Marking another win for prosecution, two of R. Kelly’s alleged victims will remain anonymous to the singer until his trial. According to The Chicago Tribune, US District Judge Ann M. Donnelly declined the singer’s request to identify the accusers, currently listed as Jane Doe #2 and Jane Doe #3 in court documents, in New York City on Wednesday (Jan. 29).

Prosecutors previously argued that the alleged victims’ identities should remain anonymous, claiming that Kelly has showed a “consistent pattern” of intimidating witnesses and obstructing his Brooklyn case, including using a prison staff member’s phone to make an unrecorded phone call.
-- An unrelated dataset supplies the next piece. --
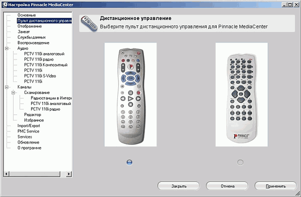 Пульт также знаком нам по Media Center 300i. К эргономике пульта есть только одно замечание — размер. С другой стороны, мне часто приходилось слышать нарекания на популярный в последнее время слим-дизайн. К тому же, пульт прекрасно справляется с управлением универсальной программой. Питание осуществляется от батареек типоразмера АА. Резидентная программа теперь поддерживает 2 пульта при наличии варианта с подключением к COM-порту.
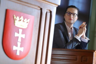 Gdańsk. XV sesja Rady Miasta Gdańska. Nz. Sławina Kosmulska, córka Lecha Bądkowskiego.

“Simply put, the defendant’s past behavior reveals that if given the opportunity to influence a potential witness, the defendant will take it, and his incarceration may not be enough to prevent such conduct,” prosecutors wrote.

“The defendant has, at his disposal, individuals willing to assist him in bypassing the traditional methods used to monitor the defendant’s communications,” they continued. “The defendant’s attempt to paint himself as being completely isolated from the outside world … is simply not credible.”

Prosecutors also cited an intimidating letter that Kelly allegedly send to accuser Heather Williams, who sued Kelly for giving her herpes in 2017.

The letter instructed Williams to “cease her participation and association with the organizers of this negative campaign” if she “really cares about her own reputation.” It also warned that “counteractions are in the developmental stages and due to be released soon.”

In his Brooklyn case, Kelly faces racketeering and sexual misconduct charges. He is accused of having a sexual relationship with Jane Doe #2 while she was 16 years old. Jane Doe #3 claims the singer once locked her in a room for multiple days, drugged her and sexually assaulted her while she as unconscious.

Kelly’s attorney Steven Greenberg argued that the accusers’ anonymity would interfere with his defense.

“It is impossible to interview witnesses, to search for records or to do anything without this information,” Greenberg perviously said, according to The Source. “I don’t know how we’re supposed to put together a defense without the specifics of who these people are.”

However, siding with prosecution, Judge Donnelly said that judges “routinely” deny requests for victims’ identities in racketeering cases, like Kelly’s. Along with his ongoing Brooklyn case, Kelly has open criminal cases in both Chicago and Minneapolis.